France’s antitrust agency has fined Apple a record $1.23 billion over unfair sales practices. The French Competition Authority found the Cupertino, California-based company guilty of abusing its economic position to force retailers into signing contracts that limited competition and revoked their official right to determine prices of Apple products and services other than the iPhone.
Under the Apple Premium Reseller program, which includes a chain of stores that exclusively sells Apple products, Apple required each distributor to charge a set price — a move that the watchdog believed sterilized the wholesale market. The French authorities also found Apple reserved stocks in times of heavy demand for its own offline and online stores and restricted supplies to third-party retail partners.
France’s antitrust law dictates that companies cannot be partial to their own sales channels and must treat distribution partners equally.

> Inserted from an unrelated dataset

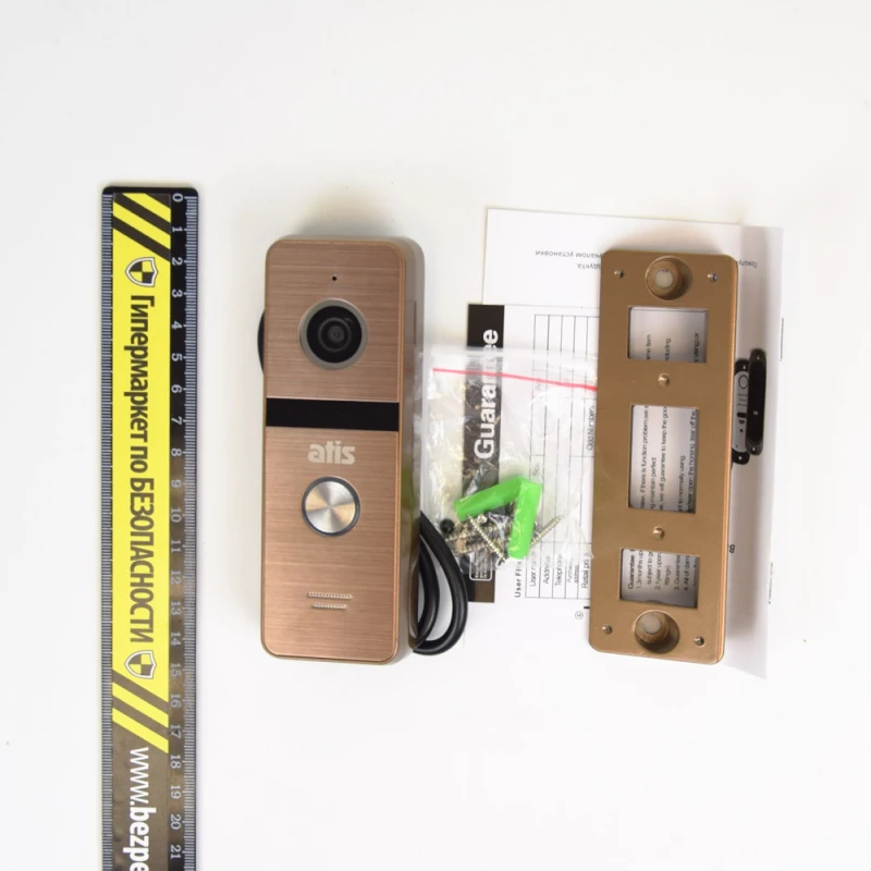 В комплекте видеодомофон + вызывная панель ATIS AD-1070FHD/T White + AT-400HD Gold предусмотрено всё для беспроблемной установки: монтажные аксессуары, соединительные провода и установочные кронштейны.

It also states that retailers should be able to determine prices based on their position and goals. On top of that, the Apple Premium Reseller contract specifies exactly how many units of each product are allocated to a retailer — another violation of France’s rules against anticompetitive practices.
“During this case, the authority deciphered the very specific practices that had been implemented by Apple for the distribution of its products in France (excluding iPhones), such as the iPad. Given the strong impact of these practices on competition in the distribution of Apple products via Apple premium resellers, the authority imposes the highest penalty ever pronounced in a case (€1.24 billion). Finally, the authority considered that, in the present case, Apple had committed an abuse of economic dependence on its premium retailers, a practice which the authority considers to be particularly serious,” said Isabelle de Silva, president of the French Competition Authority, in a statement.
Along with Apple, two of its wholesale partners, Tech Data and Ingram Micro, were fined $84.7 million and $69 million, respectively, for partnering with Apple to practically operate a “cartel” within the APR distribution network and prevent other distributors to compete on price.
An Apple spokesperson called the decision “disheartening” in a statement to CNBC, and said it “relates to practices from over a decade ago and discards 30 years of legal precedent that all companies in France rely on with an order that will cause chaos for companies across all industries. We strongly disagree with them and plan to appeal.”
France’s decision is the result of an investigation that first kicked off nearly 8 years ago when the country’s biggest Apple seller, eBizcuss, collapsed and subsequently filed a lawsuit against Apple for holding back inventory after the retailer’s CEO publicly accused the company of anticompetitive behavior. Earlier this month, Apple also agreed to pay up to $500 million to settle a lawsuit over quietly throttling older iPhones in the United States.